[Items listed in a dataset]
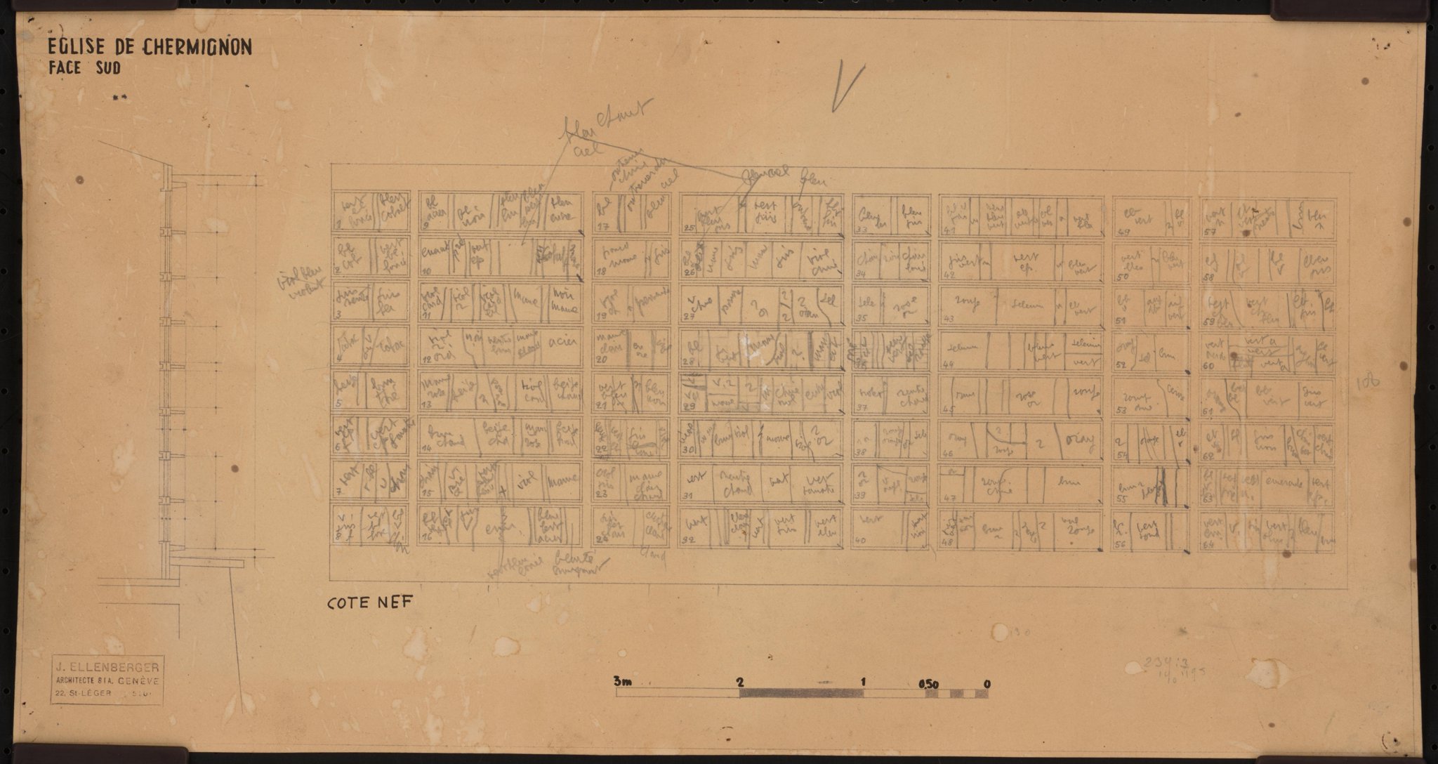 Alors que Poncet est en plein achèvement des vitraux de la collégiale de Neuchâtel, l'architecte Jean-Marie Ellenberger fait appel à lui pour collaborer à sa nouvelle église qu'il termine à Chermignon. Cette construction moderne pose un problème de choix au verrier, puisqu'il faudrait couvrir de verre des surfaces de 30 mètres de longs sur 3 mètres de haut, correspondant aux deux parois hautes de la nef. Poncet doit donc réfléchir à des solutions nouvelles, du fait de la vaste surface à recouvrir. "Avec ces immenses vides et ces vitrages légers (...) nous avons une masse énorme de lumière à contenir." Cf : Lettre de Poncet à Ellenberger, du 6 mars 1952. Le vitrail prend alors une importance jamais égalée dans aucune autre église dans laquelle Poncet a travaillé. Autant que le toit ou les murs, les vitraux seront l'âme du bâtiment. Les deux hommes imaginent une église complètement baignée de lumière tel un "grand arc en ciel qui finirait en gloire vers le choeur". Cf : Lettre de Ellenberger à Poncet, 11 juillet 1951. Pour les fenêtres hautes, ils envisagent le thème de "la Création du monde", et des verrières non figuratives pour les bas-côtés du choeur, pour des raisons avant tout économiques. La réalisation de ces immenses surfaces de verre nécessitant un coût très élevé, Poncet s'adresse donc à nouveau à la fondation Gleyre, pour financer une partie du projet. La somme versée est cependant plus un appoint qui permet à Poncet de subsister pendant la réalisation des verrières non figuratives des bas-côtés à droite et à gauche du choeur, posées avant la fin de l'année 1952. La question financière sera extrêmement présente tout au long de la réalisation, donnant lieu à des retards et créant des litiges qui mèneront finalement l'Abbé Charles Mayor a mettre abruptement fin au projet en octobre 1952. Poncet a cependant déjà réalisé des esquisses en grandeur et des maquettes pour la partie sud sur la "Création du monde", fournissant de précieuses informations sur son projet. L'artiste n'aura au final, sur ce prodigieux ensemble, réalisé que les deux verrières décoratives des bas-côtés. Il n'achèvera jamais la "Création du monde", dont l'exécution devait être "remise à plus tard", puisqu'il décède d'une crise cardiaque en juin 1953. C'est Jean-Claude Morend qui compléta l'ensemble des vitraux de la nef, en 1986 (NOVERRAZ, 2014, pp. 97-104 ; REYMOND, 1992, pp. 112-115, 177 ; Dossier "Vitraux Chermignon / Correspondance officielle, 1952-1953", boîte "VITRAUX II, 1948-1953", archives Poncet, Vitrocentre Romont).
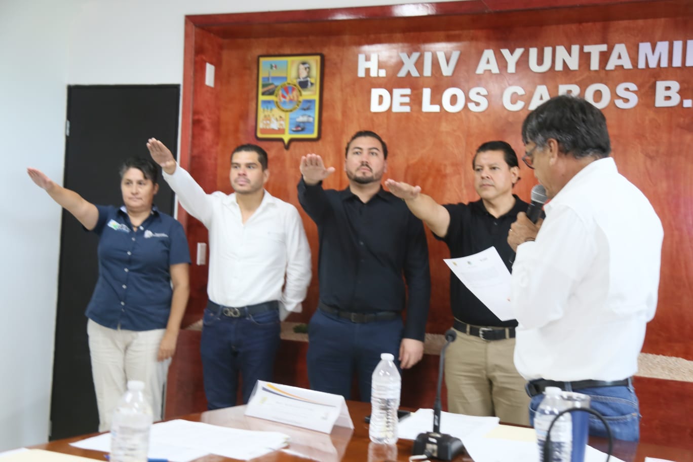 Asimismo, se llevó a cabo la toma de protesta de las personas servidoras públicas que fueron integradas a la Junta de Gobierno; el tesorero municipal el XIV Ayuntamiento, Cristopher Albertini Camacho, el titular de la Oficialía Mayor, Carlos Alberto Beltrán Olmeda y el director general del Sistema Municipal DIF, Sergio Armando Sánchez Lizárraga, así como la directora del Tecnológico Nacional de México campus Los Cabos, Tamara Montalvo.
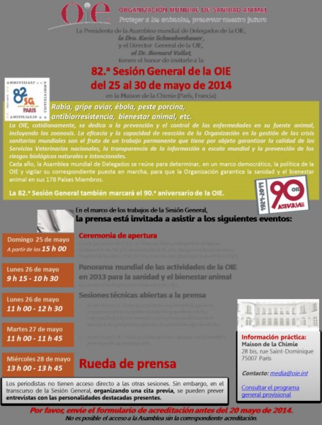 Del 25 al 30 de mayo la Organización Mundial de Sanidad Animal (OIE) rezalizará la 82 Sesión General de la OIE en la Maison de la Chimie (Paris, Francia)
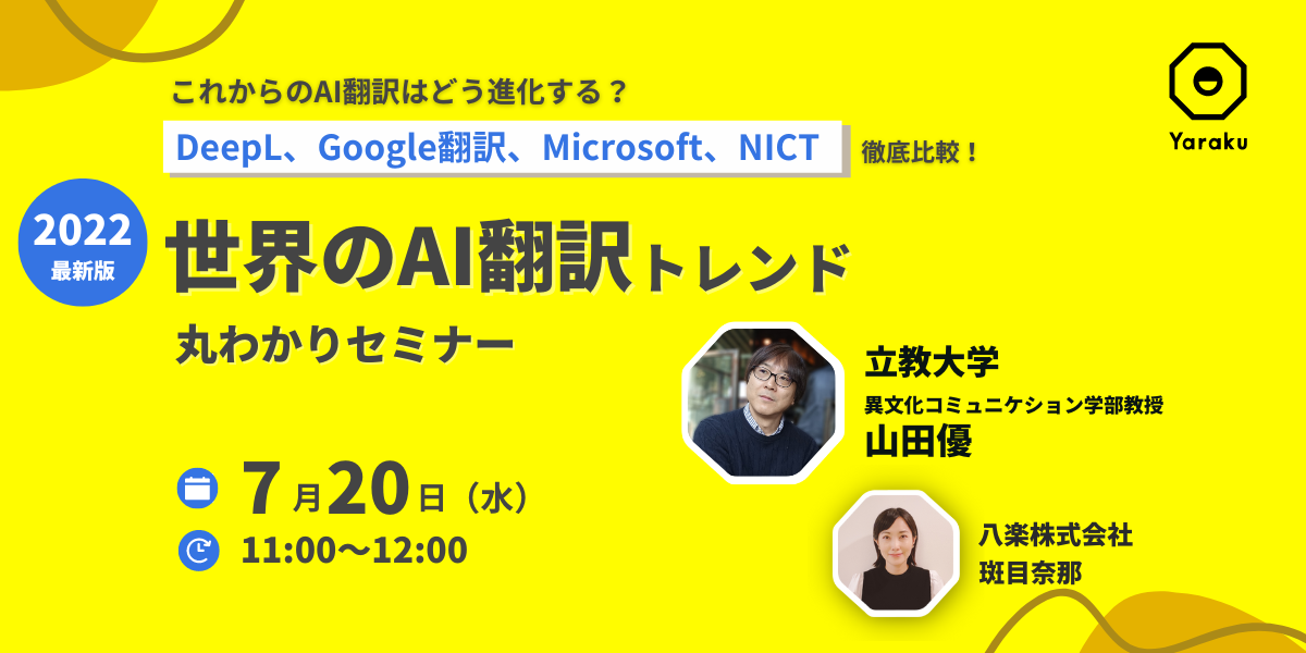 今回のオンラインセミナーは、主要4大翻訳エンジン(DeepL、Google翻訳、Microsoft、NICT)の特徴、文書の種類ごとにどの翻訳エンジンを選ぶのが最適なのか等、二部制で情報をお届けします。第一部ではAI翻訳研究の第一人者である立教大学教授の山田優が、2022年時点における自動翻訳の実力について解説。第二部では4大翻訳エンジンの結果を同時に比較可能なAI翻訳ツール「ヤラクゼン」についてご紹介します。
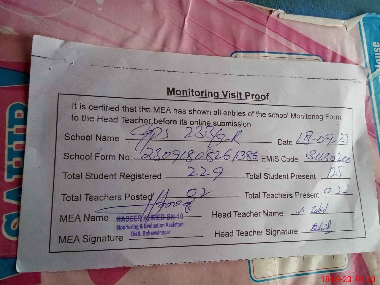 | EMIS Code: 31130200 | Name of School: GPS CHAK 233/9-R | |||
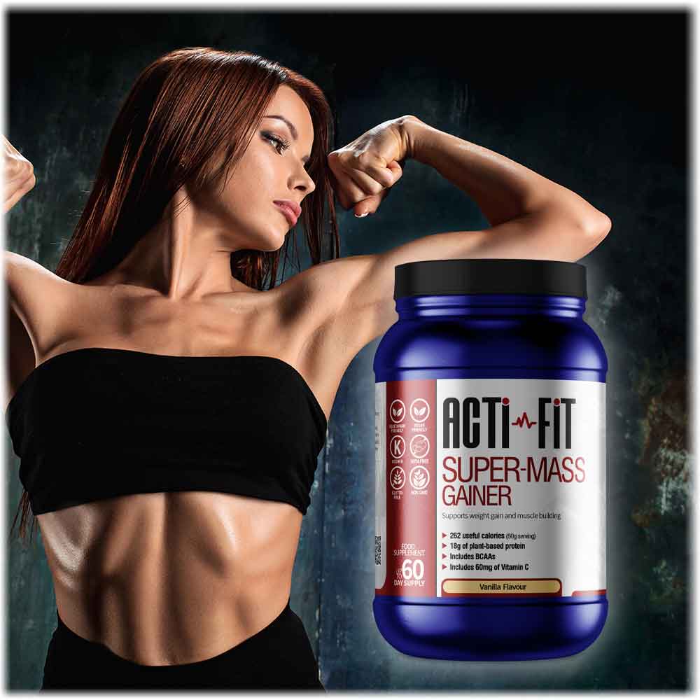 Achieving the size gains you want can be tough if you exercise heavily. Rather than reaching for calorific junk food that is devoid of useful calories, Acti-Fit Super-Mass Gainer provides useful calories from plant protein and carbohydrates.
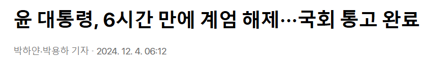 국회의장실 관계자는 이날 기자에게 “계엄 해제를 총리(한덕수 국무총리)로부터 통고받았다”고 밝혔다. 이로써 계엄 해제에 필요한 모든 절차는 완료됐다. (경향)
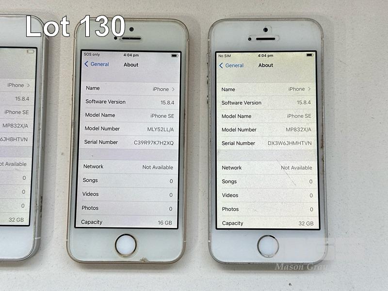 4 x APPLE iPHONES INC. - 3 x APPLE iPHONE SE, 32GB, A1723 - 1 x APPLE iPHONE SE, 16GB, A1662 (NO CABLES, NO CHARGERS) S/N:DX3WPJK9HTVL, DX3W6JHBHTVN,C39R97K7H2XQ, DX3W6JHMHTVN
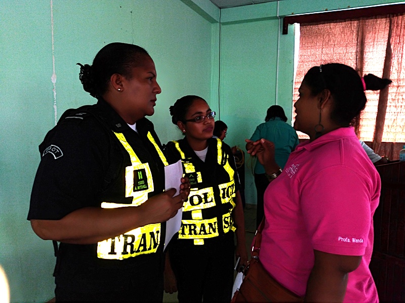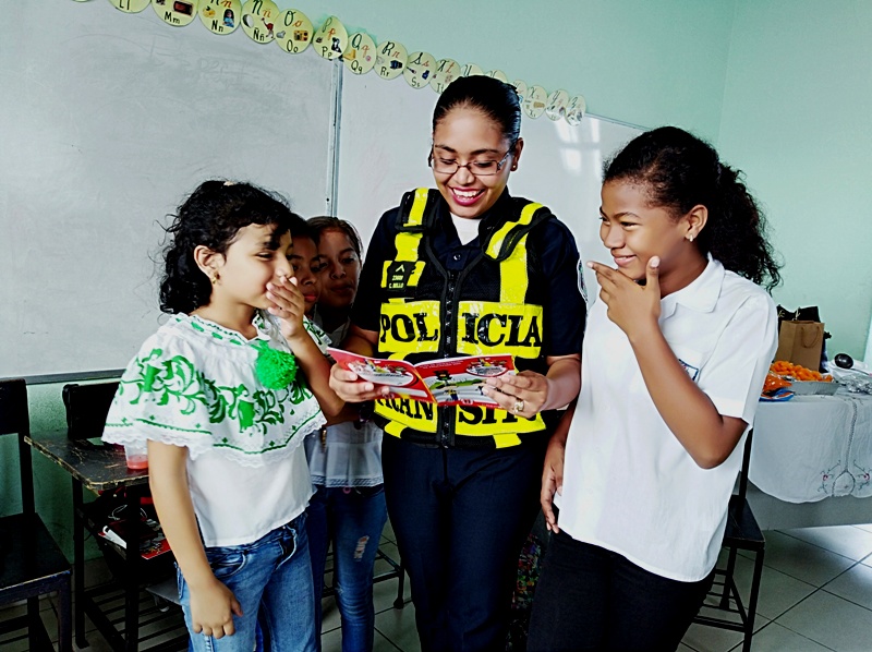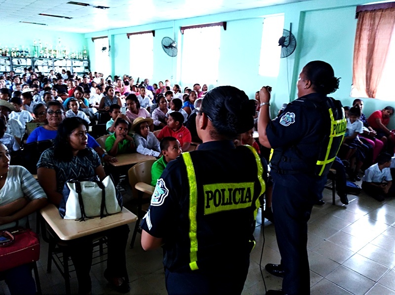 Como parte de los programas de educación vial, la Dirección Nacional de Operaciones del Transito de la Policía Nacional en la Zona de Coclé, participó en una feria familiar en el centro educativo Simeón Conté en la ciudad de Penonomé, donde alrededor de 300 personas entre estudiantes de los IV grados, educadores y padres de familias, recibieron capacitaciones de sensibilización, concientización y prevención. Las charlas estuvieron a cargo de la Teniente Adela Mitchel y la Cabo Cintia Bello profesionales que trabajan en la rama de seguridad vial y que dieron a conocer la importancia de la problemática vial, que existe y los riesgos de no respetar las normas de transito. En tanto la Teniente Mitchell, recalcó la importancia de estas capacitaciones siendo fundamentales para promover la educación vial y más con los niños de nivel primario, porque la información que reciban llevaran a sus hogares, barrios, transmitiendo a sus familiares y amigos, creando de esa manera una cultura vial. Importante recalcar el agradecimiento a las unidades por parte de la directora del plantel Herminda Gómez, padres de familias y los mismos estudiantes que alzaron la voz y en coro gritaron gracias señoras policías. |

* _Prompt_
Please write out all of the data verbatim, with no pictures in the copy.

* _Solution to the exercise_
 Alors que Poncet est en plein achèvement des vitraux de la collégiale de Neuchâtel, l'architecte Jean-Marie Ellenberger fait appel à lui pour collaborer à sa nouvelle église qu'il termine à Chermignon. Cette construction moderne pose un problème de choix au verrier, puisqu'il faudrait couvrir de verre des surfaces de 30 mètres de longs sur 3 mètres de haut, correspondant aux deux parois hautes de la nef. Poncet doit donc réfléchir à des solutions nouvelles, du fait de la vaste surface à recouvrir. "Avec ces immenses vides et ces vitrages légers (...) nous avons une masse énorme de lumière à contenir." Cf : Lettre de Poncet à Ellenberger, du 6 mars 1952. Le vitrail prend alors une importance jamais égalée dans aucune autre église dans laquelle Poncet a travaillé. Autant que le toit ou les murs, les vitraux seront l'âme du bâtiment. Les deux hommes imaginent une église complètement baignée de lumière tel un "grand arc en ciel qui finirait en gloire vers le choeur". Cf : Lettre de Ellenberger à Poncet, 11 juillet 1951. Pour les fenêtres hautes, ils envisagent le thème de "la Création du monde", et des verrières non figuratives pour les bas-côtés du choeur, pour des raisons avant tout économiques. La réalisation de ces immenses surfaces de verre nécessitant un coût très élevé, Poncet s'adresse donc à nouveau à la fondation Gleyre, pour financer une partie du projet. La somme versée est cependant plus un appoint qui permet à Poncet de subsister pendant la réalisation des verrières non figuratives des bas-côtés à droite et à gauche du choeur, posées avant la fin de l'année 1952. La question financière sera extrêmement présente tout au long de la réalisation, donnant lieu à des retards et créant des litiges qui mèneront finalement l'Abbé Charles Mayor a mettre abruptement fin au projet en octobre 1952. Poncet a cependant déjà réalisé des esquisses en grandeur et des maquettes pour la partie sud sur la "Création du monde", fournissant de précieuses informations sur son projet. L'artiste n'aura au final, sur ce prodigieux ensemble, réalisé que les deux verrières décoratives des bas-côtés. Il n'achèvera jamais la "Création du monde", dont l'exécution devait être "remise à plus tard", puisqu'il décède d'une crise cardiaque en juin 1953. C'est Jean-Claude Morend qui compléta l'ensemble des vitraux de la nef, en 1986 (NOVERRAZ, 2014, pp. 97-104 ; REYMOND, 1992, pp. 112-115, 177 ; Dossier "Vitraux Chermignon / Correspondance officielle, 1952-1953", boîte "VITRAUX II, 1948-1953", archives Poncet, Vitrocentre Romont).
 Asimismo, se llevó a cabo la toma de protesta de las personas servidoras públicas que fueron integradas a la Junta de Gobierno; el tesorero municipal el XIV Ayuntamiento, Cristopher Albertini Camacho, el titular de la Oficialía Mayor, Carlos Alberto Beltrán Olmeda y el director general del Sistema Municipal DIF, Sergio Armando Sánchez Lizárraga, así como la directora del Tecnológico Nacional de México campus Los Cabos, Tamara Montalvo.
 Del 25 al 30 de mayo la Organización Mundial de Sanidad Animal (OIE) rezalizará la 82 Sesión General de la OIE en la Maison de la Chimie (Paris, Francia)
 今回のオンラインセミナーは、主要4大翻訳エンジン(DeepL、Google翻訳、Microsoft、NICT)の特徴、文書の種類ごとにどの翻訳エンジンを選ぶのが最適なのか等、二部制で情報をお届けします。第一部ではAI翻訳研究の第一人者である立教大学教授の山田優が、2022年時点における自動翻訳の実力について解説。第二部では4大翻訳エンジンの結果を同時に比較可能なAI翻訳ツール「ヤラクゼン」についてご紹介します。
 | EMIS Code: 31130200 | Name of School: GPS CHAK 233/9-R | |||
 Achieving the size gains you want can be tough if you exercise heavily. Rather than reaching for calorific junk food that is devoid of useful calories, Acti-Fit Super-Mass Gainer provides useful calories from plant protein and carbohydrates.
 국회의장실 관계자는 이날 기자에게 “계엄 해제를 총리(한덕수 국무총리)로부터 통고받았다”고 밝혔다. 이로써 계엄 해제에 필요한 모든 절차는 완료됐다. (경향)
 4 x APPLE iPHONES INC. - 3 x APPLE iPHONE SE, 32GB, A1723 - 1 x APPLE iPHONE SE, 16GB, A1662 (NO CABLES, NO CHARGERS) S/N:DX3WPJK9HTVL, DX3W6JHBHTVN,C39R97K7H2XQ, DX3W6JHMHTVN
 Como parte de los programas de educación vial, la Dirección Nacional de Operaciones del Transito de la Policía Nacional en la Zona de Coclé, participó en una feria familiar en el centro educativo Simeón Conté en la ciudad de Penonomé, donde alrededor de 300 personas entre estudiantes de los IV grados, educadores y padres de familias, recibieron capacitaciones de sensibilización, concientización y prevención. Las charlas estuvieron a cargo de la Teniente Adela Mitchel y la Cabo Cintia Bello profesionales que trabajan en la rama de seguridad vial y que dieron a conocer la importancia de la problemática vial, que existe y los riesgos de no respetar las normas de transito. En tanto la Teniente Mitchell, recalcó la importancia de estas capacitaciones siendo fundamentales para promover la educación vial y más con los niños de nivel primario, porque la información que reciban llevaran a sus hogares, barrios, transmitiendo a sus familiares y amigos, creando de esa manera una cultura vial. Importante recalcar el agradecimiento a las unidades por parte de la directora del plantel Herminda Gómez, padres de familias y los mismos estudiantes que alzaron la voz y en coro gritaron gracias señoras policías. |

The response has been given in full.